I could probably write a book on the abuses that were involved.  Perhaps the biggest abuse is that the identification was not that of a "person."  They only identified a subscriber of an IP address.  An attorney with a similar outfit recently admitted that the error rate in establishing the actual copyright infringer is as high as thirty percent.  A subscriber is not necessarily a downloader.  Perhaps the wifi network is unsecured.  Perhaps others live in the home.  Prenda claimed to have a method of determining the actual downloader, which proved to be little more than a mere assumption that a young male must have been the guilty party.  


The other major abuse was that the movies were not generally commercially viable in the first place.  Prenda found a way to turn a movie that had no commercial value into a potential multi-million dollar hit.  It has been alleged that some of the movies weren't even offered for sale.  Quite simply, it was more profitable to encourage piracy and reap judgments than to legitimately market the product.  


Fortunately, for consumers, it has all begun to unravel.  A court in California has just issued an $81,000 sanction against Prenda.  Other courts are dismissing their cases.  Many courts are becoming increasingly skeptical of Prenda's tactics.  But it should not have taken this long.  


This is one of many compelling examples of why changes are needed to copyright law.  Authors of creative works should be compensated, but copyright law should not create a windfall in and of itself.  The law should be designed to protect, not to enrich.  Hopefully copyright law will be modified soon.  The change is long overdue.



One Less Year of Law School?

I recently read that Drexel is offering a two year law school program.  The normal full-time program is three years.  If Drexel is able to maintain the quality of education, I applaud this move.


Let's make one thing clear.  Law school does not prepare you to be a working lawyer.  Law school is not trade school.  Law school education is an invaluable part of becoming a good lawyer, but theory can never replace hand-on experience.  For this reason, a law school graduate is not worth nearly as much as they would like to believe.  Law school graduates still require a significant amount of real world training.  Salaries for law school graduates must take this into account.


In this environment, job prospects for law school graduates are terrible.  Indepent of a poor economy, there are too many law schools pumping out too many graduates.  The profession itself is changing, leaving less room for new entrants.  Established attorneys seem to be weathering the storm rather well, but there are precious few new hires.  


The most recent statistics show that only 12.2% of law school graduates are employed by big firms within six months of graduation.  However, this includes graduates employed as paralegals and other such positions.  Only 25.5% of law schools could place more than 10% of their graduates in these jobs.  Only 56% of law school graduates are employed full time in the legal field within six months of graduation.   Who knows how many of those people are working in support positions?  The statistics show that job prospects for new graduates are terrible.  

Statistics like this make one thing quite clear.  It is an absurd gamble to leave law school with significant debt.  Yet the average graduate has about $125,000 in student loan debt.  In Vermont, that is completely absurd.  There are almost no entry level jobs that justify this amount of debt.  It is an absurd amount of debt even in a better economy.

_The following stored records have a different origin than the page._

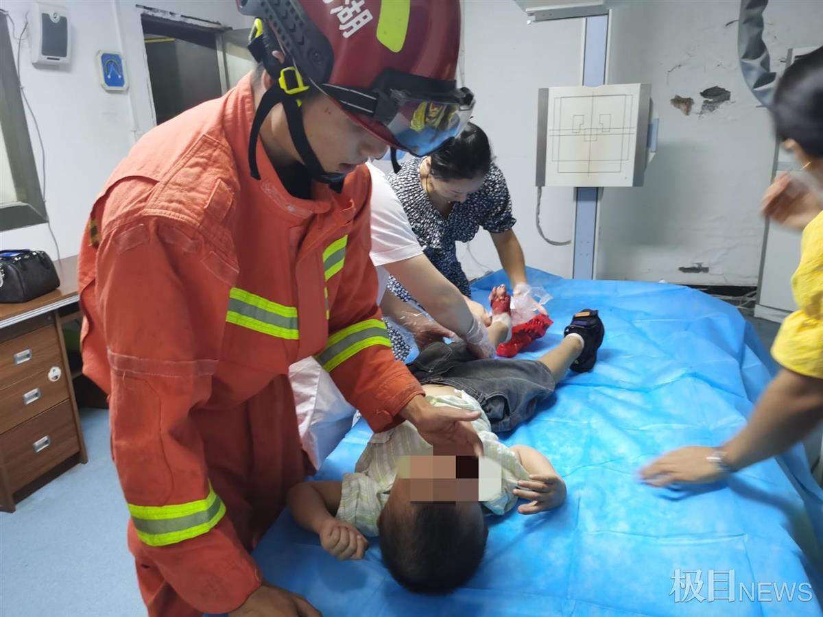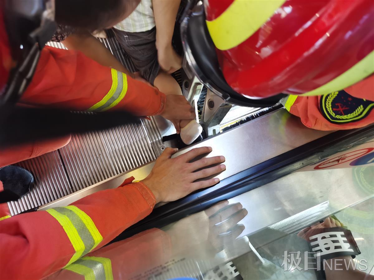 5分钟左右,男童被自动扶梯“咬”住的左脚顺利脱困。救援人员发现男童左脚脚趾有断裂,考虑到救护车尚未到达现场,消防队员立即抱起男童用消防车护送前往医院救治。
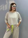 MDB Kadın Kayık Yaka Salaş Iki Iplik Bluz Ve şort Ikili Takım - Image 1
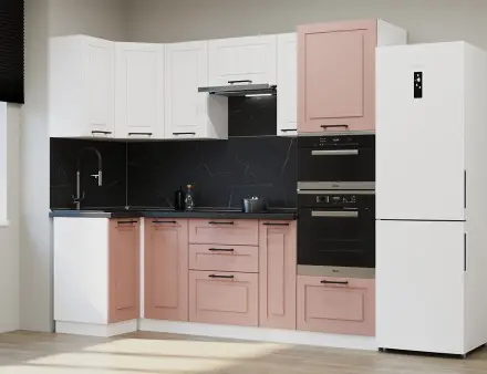 Аликанте 5: Цвет фасада: Шарли Pink, Шарли белый, корпус Серый, столешница 28мм: Каспий черное золото

The huge advantage of Drexel's two year program is that it will reduce the overall cost of a law school education.  If law schools aren't willing to reduce their tuition rates, this is the next best thing.  I would still think twice before enrolling, but this is a step in the right direction.


I graduated law school in a near-recession economy.  I scratched and clawed, and got my foot in the door.  Once that happened, my work spoke for itself and I was able to meet my career goals.  The environment seems much worse now.  Sadly, I don't know if I would encourage my children to attend law school.  It's that bad out there.